Gosto da variedade temática, do olhar diverso, do conflito de opinião.
Essa paixão pelo trabalho alheio
também domina o peruano Mario Vargas Llosa. Ele adora ler. Lê muito e de tudo,
sobretudo os grandes romancistas. A prova disso está em seus ensaios a respeito
de publicações que o influenciaram como Madame
Bovary, de Flaubert. Ele admite abertamente a influência. Sem medo.
Sua maior declaração de amor à
literatura se encontra, porém, em seu livro A
Verdade das Mentiras, no qual examina trinta e seis de suas obras
favoritas. A paixão funde-se à erudição, perspicácia e admiração com que se
debruça sobre autores como Hemingway, Faulkner, Canetti, Orwell, Moravia,
Malraux, Tabucchi, Lampedusa, Solzhenitsyn, Fitzgerald, Conrad e Joyce, todos
comentados, comparados e criticados, demonstrando que a literatura continua
bela, viva e criativa.
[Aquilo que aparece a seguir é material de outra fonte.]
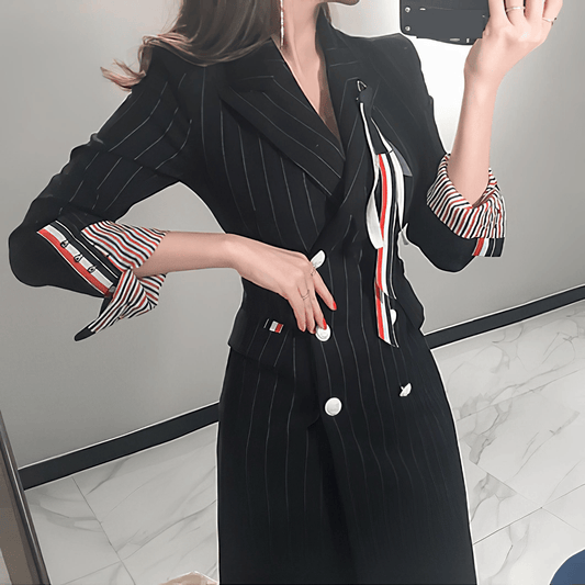 ショートジャケット+ストラップペンシルスカートセットアップ
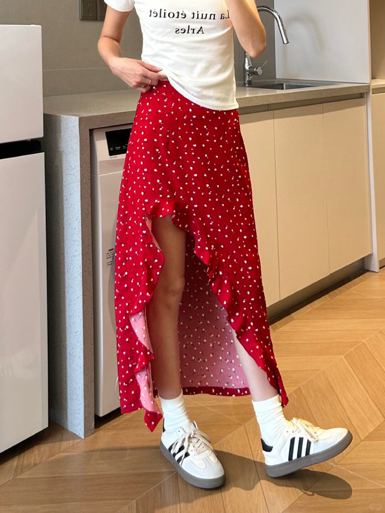 This high-waisted red floral long skirt features an irregular ruffle hem, a soft side slit, and a fishtail silhouette that hugs and flares in all the right places. Designed for chubby mm and plus-size beauties, it blends romance with ease for daily wear, dates, or warm-weather getaways.
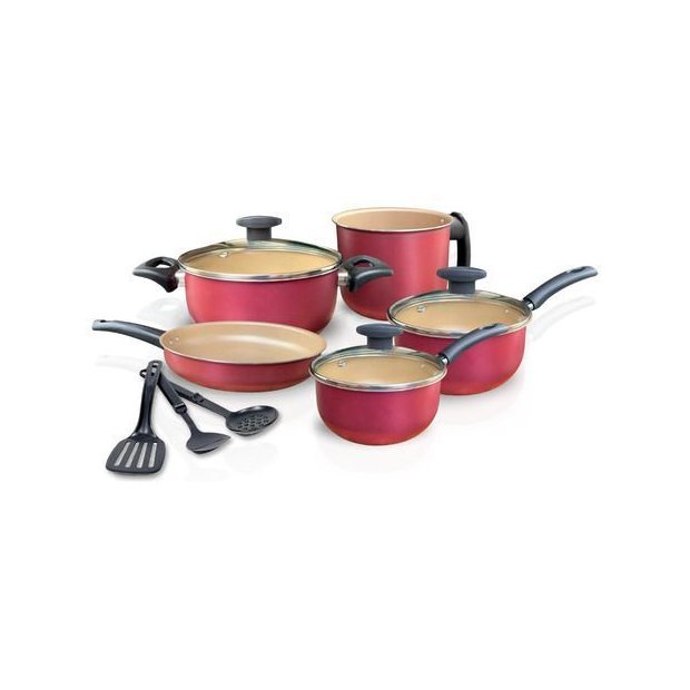 Jogo 8 Panelas Caçarola Panelas Completo e Utensilios - Cereja/bege Cereja/Bege
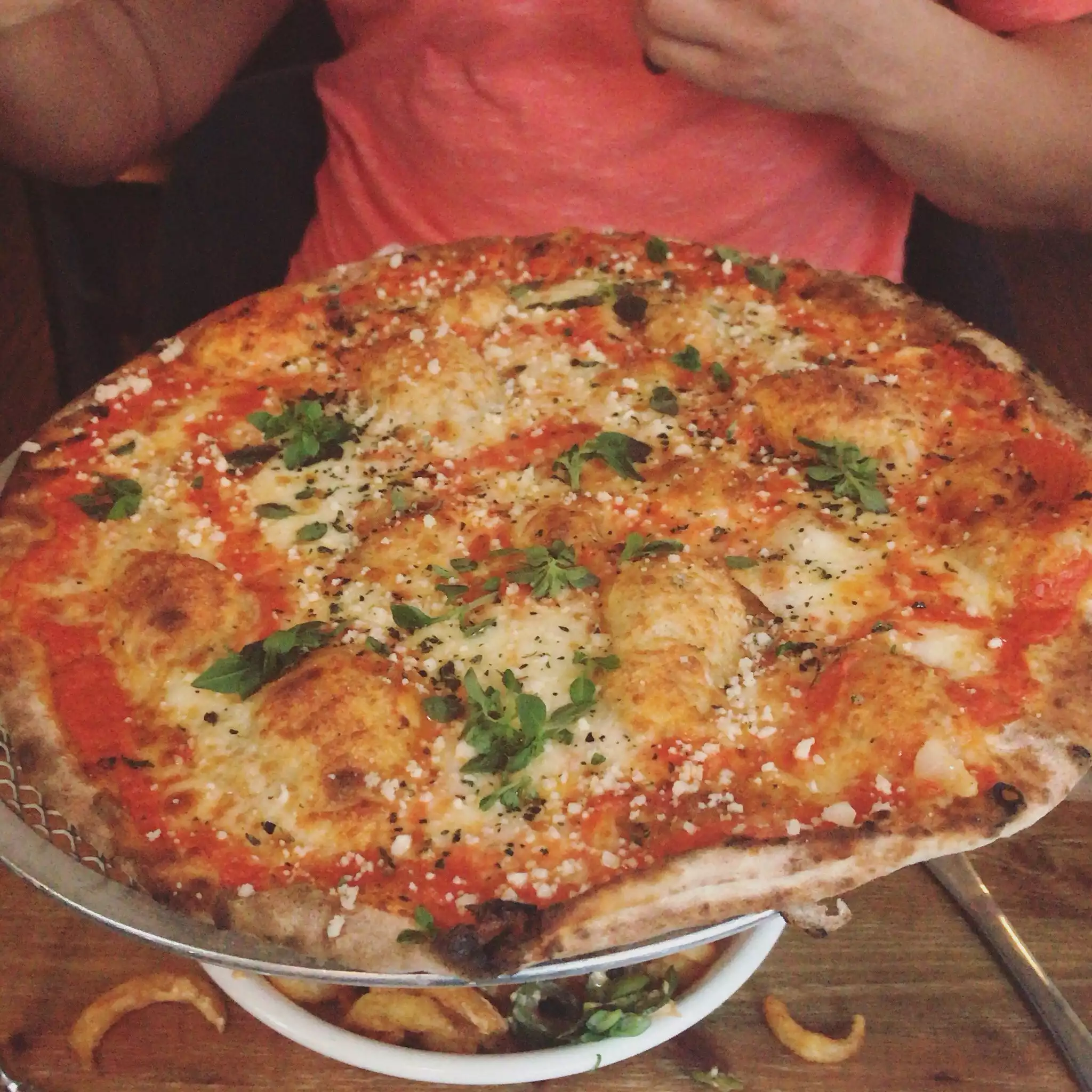 "I only like thin crust pizza." WRONG! In a city filled with amazing pizza places, this one stands out. It really is amazing. The "Emily" with pistachio and honey? You could eat it every day. The crust is thicker l but not dense. It is light and fluffy. Pizza size is perfect for 2 people. Service is excellent even in a Pandemic. This is a place to bring out of towners for an experience they won't get anywhere else. Very cool vibe in a neat part of town. Go, you won't be sorry
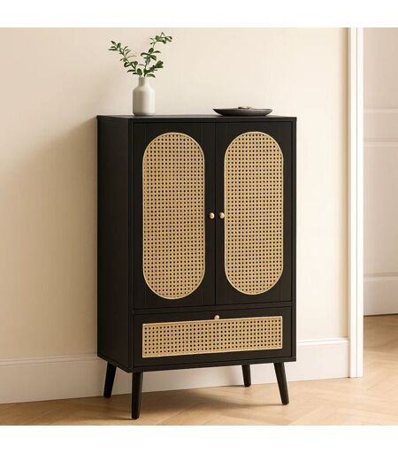 Urban Meuble - Meuble à chaussures haut noir en rotin 2 portes et 1 tiroir 60x40x110,5 cm
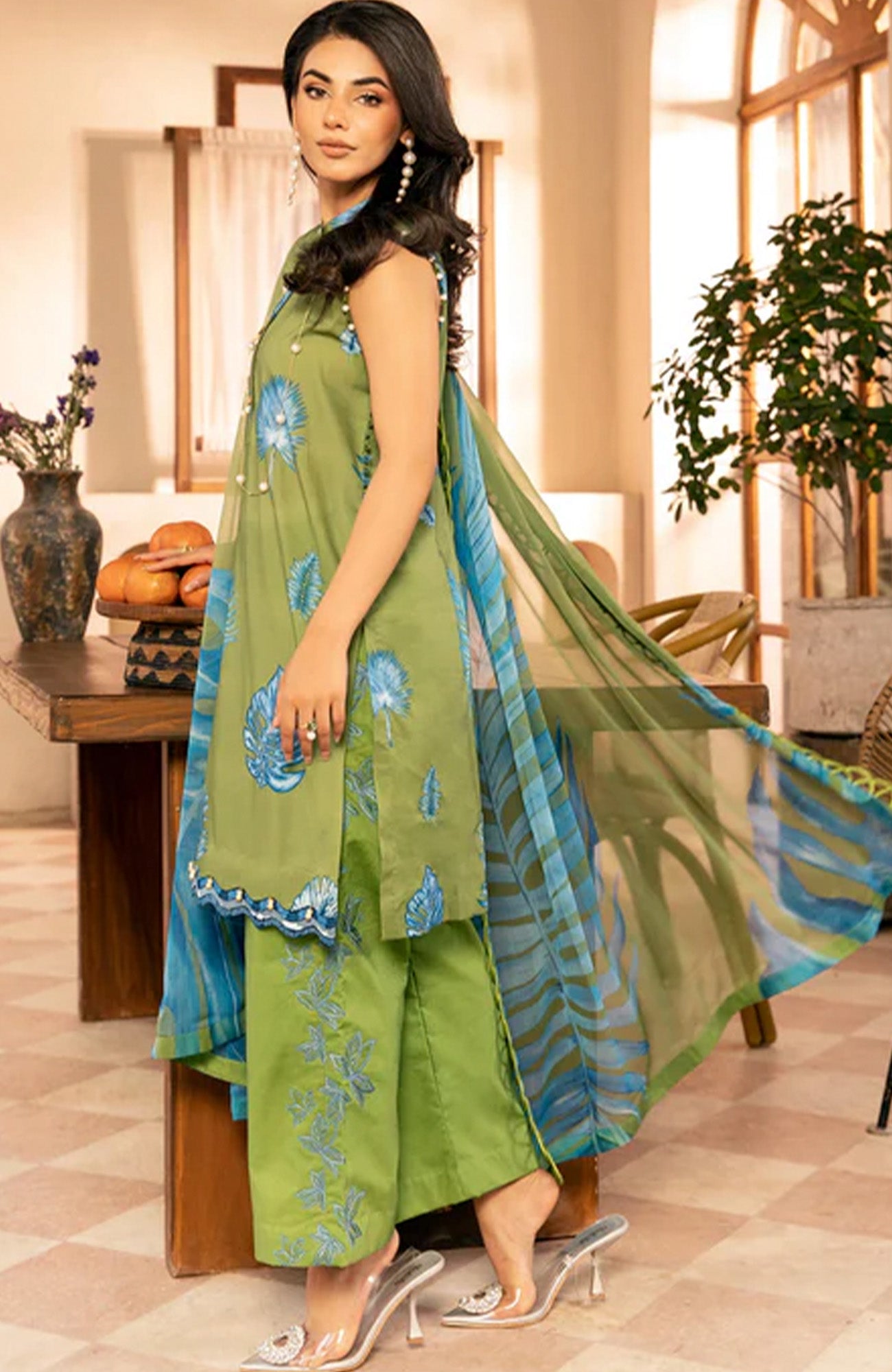 DESCRIPTION:ShirtDigital Printed Shirt 1.88 MetersDyed Embroidered Organza Patti 1 MeterFabric: LawnColor: GreenTrouserDyed Trouser 1.5 MetersFabric: CambricColor: GreenDupattaDigital Printed Dupatta 2.5 MetersFabric: Cationic ChiffonColor: Green
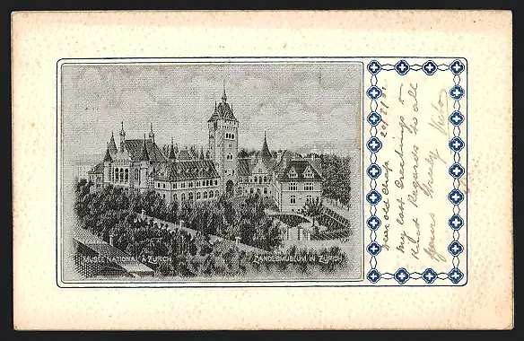 Seiden-AK Zürich, Blick auf das Landesmuseum
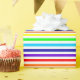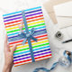Envelopper le papier avec un motif de rayures audacieuses. Les couleurs alternent entre le blanc et les rayures arc-en-ciel (rouge, orange, jaune, vert, bleu, indigo et violet).
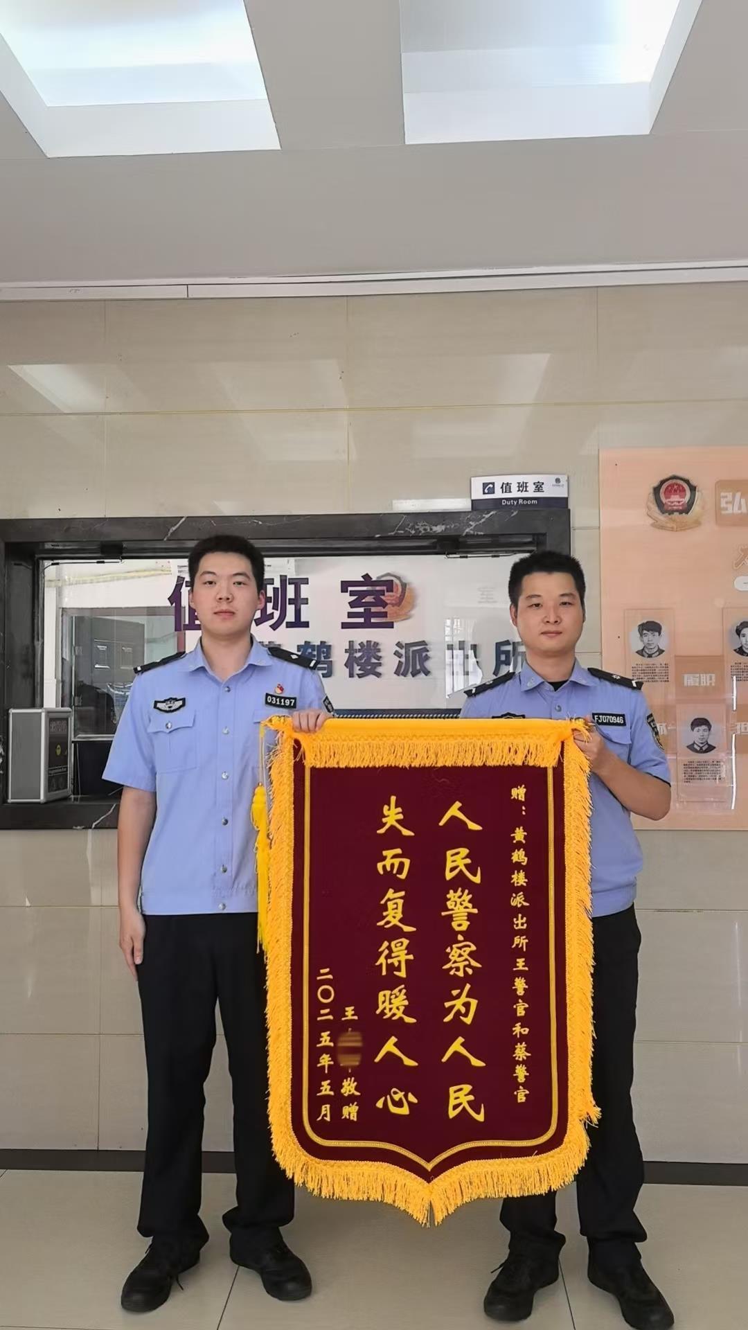 民警王子骏、辅警蔡世鑫收到锦旗
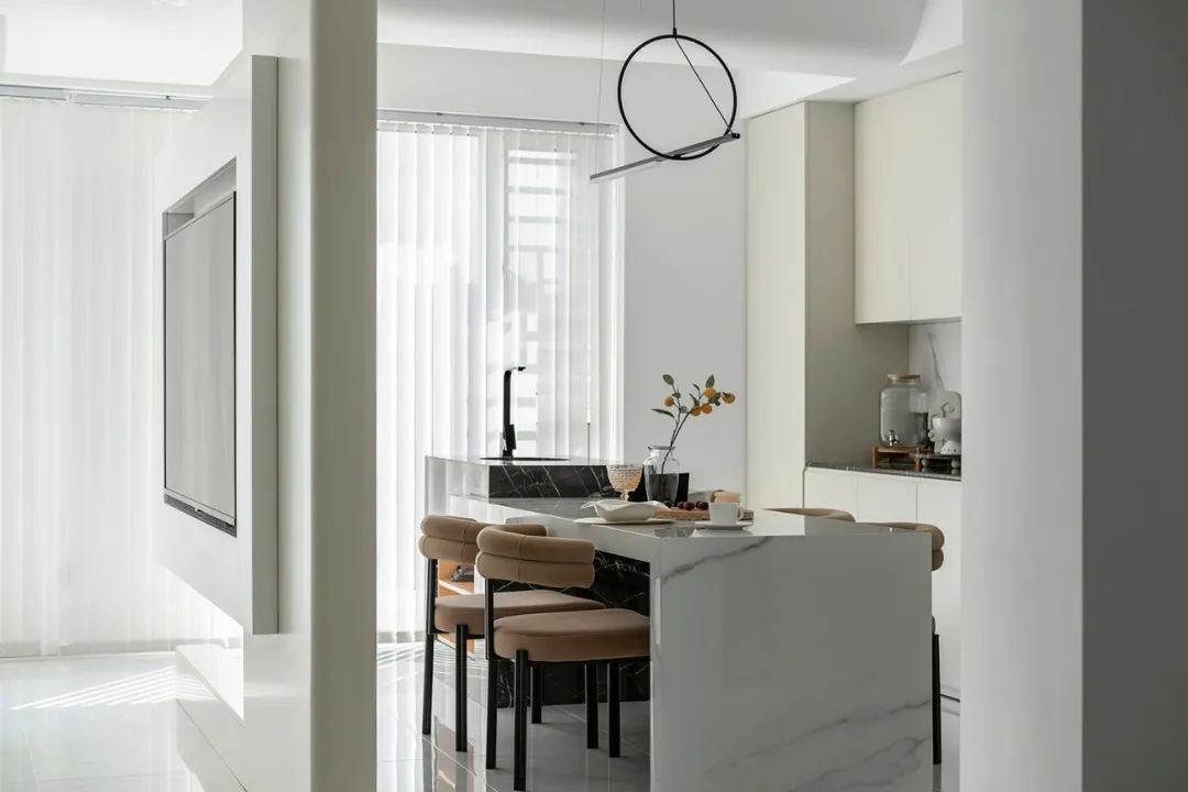 ◎ 入戶玄關似邁入素凈明朗之境,四周留白摻揉灰色調將高級感細致描摹,用弧度代替平仄分明的線與角,在柔緩曲線中將視野放大,迎合陽臺涌入的陽光,自然感與舒適感自然躍然紙上。

É a arte das artes.
A Verdade das
Mentiras serve, ainda, de excelente guia para o leitor se aproximar dos
grandes mestres e escolher aqueles que lhe pareçam mais atraentes e, quem sabe,
também se apaixonar por eles.
Nessa comunhão de paixões, ao
imergir no universo da boa ficção, na fantasia que nos faz refletir sobre nós
mesmos e nossa condição humana, você compreenderá por que ser leitor é melhor
que ser escritor. Em nossa fragilidade e finitude, quando lemos, por momentos
exponenciamos nossa consciência e nos tornamos eternos. Carpe diem. A finitude é curta.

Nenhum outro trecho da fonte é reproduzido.